▸ **What to do**
A verbatim copy of all the data is required; the pictures should not appear in it.
*** Task data Section Begins ***
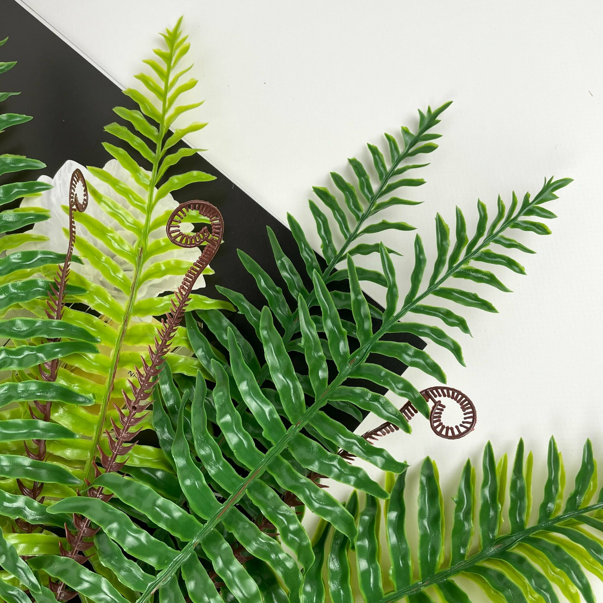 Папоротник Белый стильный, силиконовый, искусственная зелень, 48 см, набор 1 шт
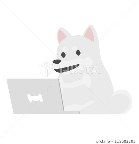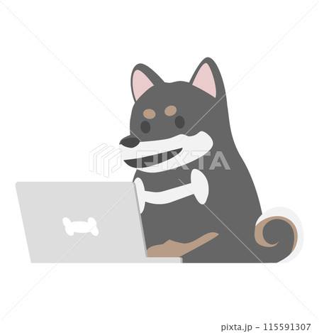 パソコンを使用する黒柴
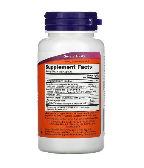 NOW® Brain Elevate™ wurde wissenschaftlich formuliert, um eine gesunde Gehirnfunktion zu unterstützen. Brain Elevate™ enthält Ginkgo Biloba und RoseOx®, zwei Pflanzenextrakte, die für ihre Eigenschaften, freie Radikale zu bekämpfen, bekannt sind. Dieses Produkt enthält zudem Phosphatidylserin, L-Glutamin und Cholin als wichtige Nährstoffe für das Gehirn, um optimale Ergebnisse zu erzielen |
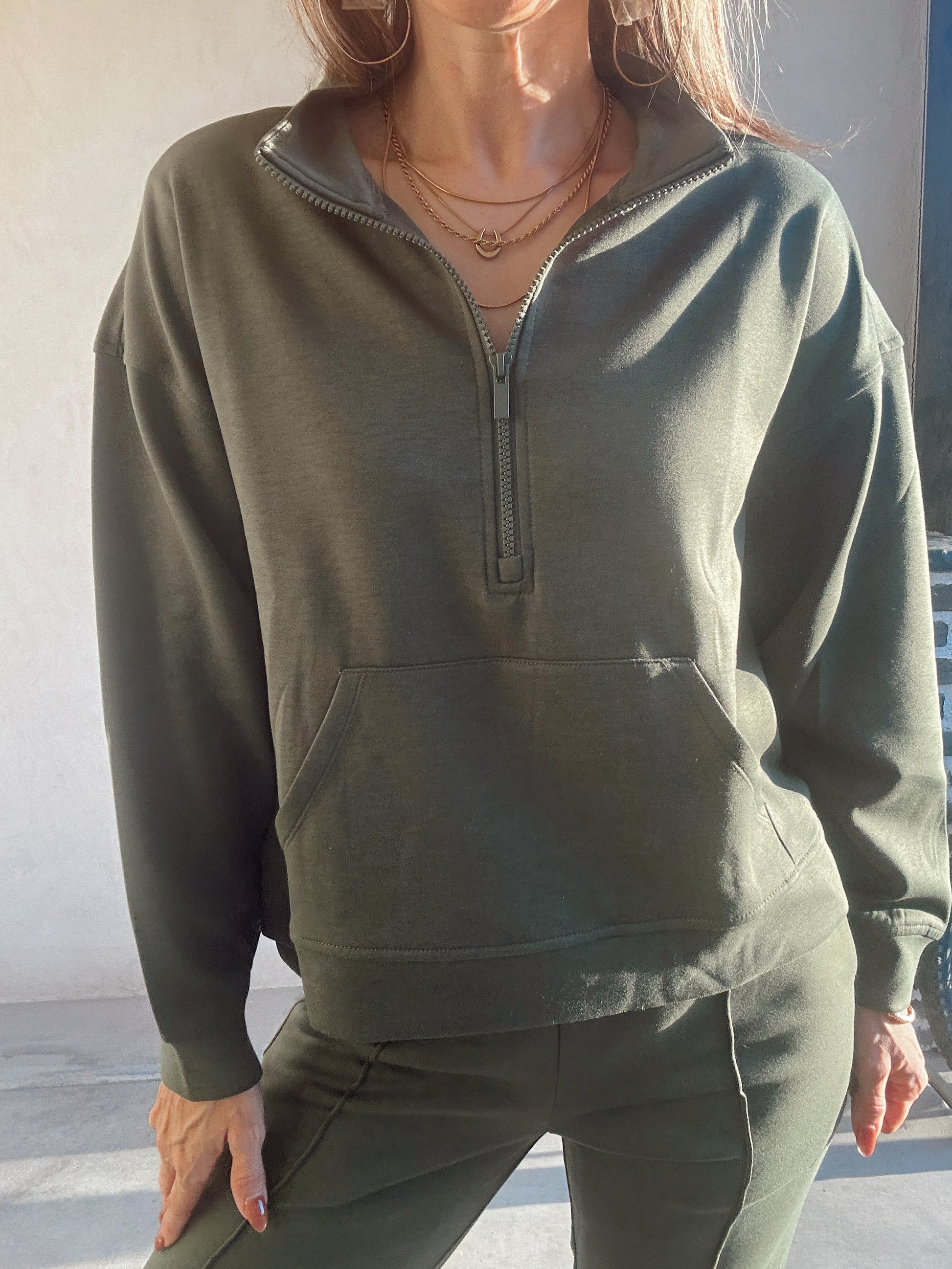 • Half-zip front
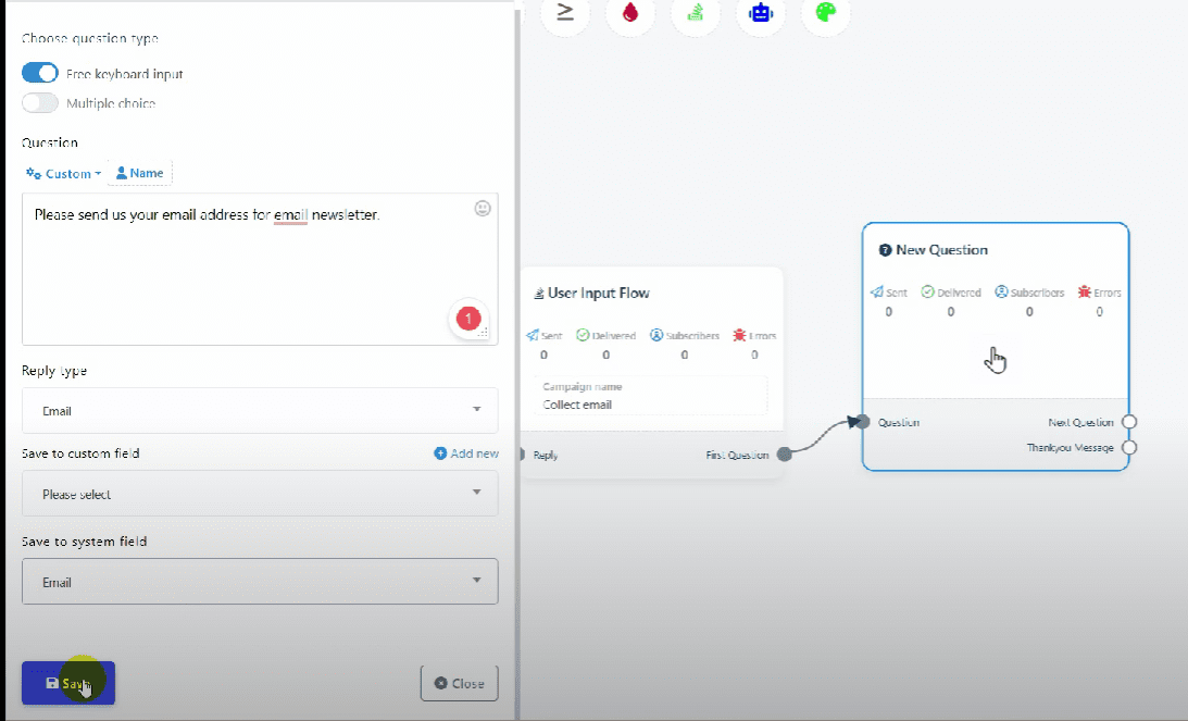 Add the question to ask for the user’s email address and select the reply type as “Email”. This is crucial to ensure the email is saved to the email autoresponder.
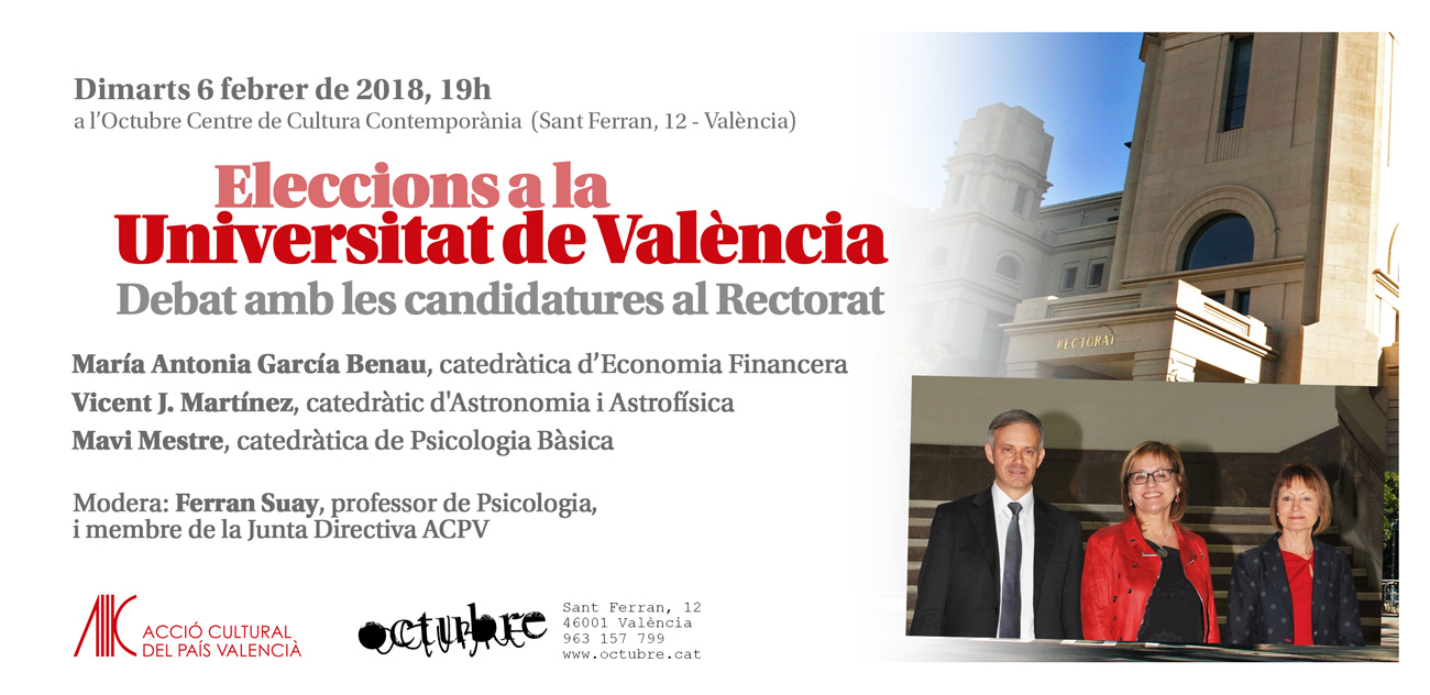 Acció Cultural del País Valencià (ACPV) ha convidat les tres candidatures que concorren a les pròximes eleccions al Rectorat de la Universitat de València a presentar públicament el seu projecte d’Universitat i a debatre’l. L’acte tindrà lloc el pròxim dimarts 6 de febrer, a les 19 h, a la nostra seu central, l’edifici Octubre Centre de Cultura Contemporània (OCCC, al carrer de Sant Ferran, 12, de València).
*** Task data Section Ends ***
▸ **Output for this task**
 Папоротник Белый стильный, силиконовый, искусственная зелень, 48 см, набор 1 шт
 パソコンを使用する黒柴
 NOW® Brain Elevate™ wurde wissenschaftlich formuliert, um eine gesunde Gehirnfunktion zu unterstützen. Brain Elevate™ enthält Ginkgo Biloba und RoseOx®, zwei Pflanzenextrakte, die für ihre Eigenschaften, freie Radikale zu bekämpfen, bekannt sind. Dieses Produkt enthält zudem Phosphatidylserin, L-Glutamin und Cholin als wichtige Nährstoffe für das Gehirn, um optimale Ergebnisse zu erzielen |
 • Half-zip front
 Add the question to ask for the user’s email address and select the reply type as “Email”. This is crucial to ensure the email is saved to the email autoresponder.
 Acció Cultural del País Valencià (ACPV) ha convidat les tres candidatures que concorren a les pròximes eleccions al Rectorat de la Universitat de València a presentar públicament el seu projecte d’Universitat i a debatre’l. L’acte tindrà lloc el pròxim dimarts 6 de febrer, a les 19 h, a la nostra seu central, l’edifici Octubre Centre de Cultura Contemporània (OCCC, al carrer de Sant Ferran, 12, de València).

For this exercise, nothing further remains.